Hi
I am working on a forecasting problem.
I want to use DBSCAN to detect outliers and then apply Kalman filter to make forecasts.
But I do not know how to remove or transform the samples inside a cluster.
How can I connect these 2 "algorithms"
#THIS IS TO APPLY DBSCAN
| inputlookup fortigate_QC_May2019_logins.csv
| fit StandardScaler "logins" with_mean=false with_std=true
| fit DBSCAN eps=0.2 "SS_logins"
#THIS IS TO FORECAST WITH KALMAN FILTER
| predict "logins" as prediction algorithm=LLP5 holdback=288 future_timespan=324 upper95=upper95 lower95=lower95
| `forecastviz(324, 288, "logins", 95)`
| where prediction!="" AND 'logins' != ""
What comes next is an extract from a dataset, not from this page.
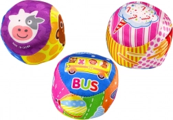 La balle douce ornée de motifs colorés représentant des animaux et des fruits stimule l’imagination de l’enfant et attire son attention grâce à des couleurs vives et intenses. Le matériau sûr et moelleux la rend idéale pour les petites mains, et sa conception légère facilite la prise en main, le roulage et le lancer.

| `regressionstatistics("logins", prediction)`
Thank you
This is the SPL:
|fit DBSCAN eps=0.6 "SS_logins"
|where NOT cluster==-1
| predict "SS_logins" as prediction algorithm=LLP holdback=288 future_timespan=324 upper95=upper95 lower95=lower95
|forecastviz(324, 288, "SS_logins", 95)
The 2nd line is how I remove the clusters.
This is the SPL:
|fit DBSCAN eps=0.6 "SS_logins"
|where NOT cluster==-1
| predict "SS_logins" as prediction algorithm=LLP holdback=288 future_timespan=324 upper95=upper95 lower95=lower95
|forecastviz(324, 288, "SS_logins", 95)
The 2nd line is how I remove the clusters.
Hi rosho,
let's assume your outlier detected by DBSCAN are marked with a cluster=-1 then you can easily exclude them from your search results of the first part of your search by filtering with | where cluster>-1. Subsequently you can run your forecasting part.
However I would recommend to you to have equidistant timestamps e.g. by using a | timechart command before your forecasting part to have a proper input for many forecasting algorithms. You might also think of filling the gaps with imputed values for the sake of training your forecasting model on your "cleaned" assumptions. You might find the Imputer useful here: https://docs.splunk.com/Documentation/MLApp/4.3.0/User/Algorithms#Imputer
Instead of | predict I would also highly recommend to you to have a look at the StateSpaceForecast algorithm newly introduced in the MLTK 4.2: https://docs.splunk.com/Documentation/MLApp/4.3.0/User/Algorithms#StateSpaceForecast
You might find this blog useful that explains it with an example: https://www.splunk.com/blog/2019/03/20/what-s-new-in-the-splunk-machine-learning-toolkit-4-2.html
Hope this is helpful to you?
Is "intervention detection" the same as the "Imputer"?
I would replace packets of contiguous missing values with hourly averages around the missing values. If the values are not missing but are anomalous either manually adjust them or estimate what they should have been via **Intervention Detection* which is essentially a forward prediction/fitted value for an anomaly.
Outliers represent effects/variables that are omitted from your model and if possible need to be identified and accounted for by adding additional predictor series or worst case dummy indicators.*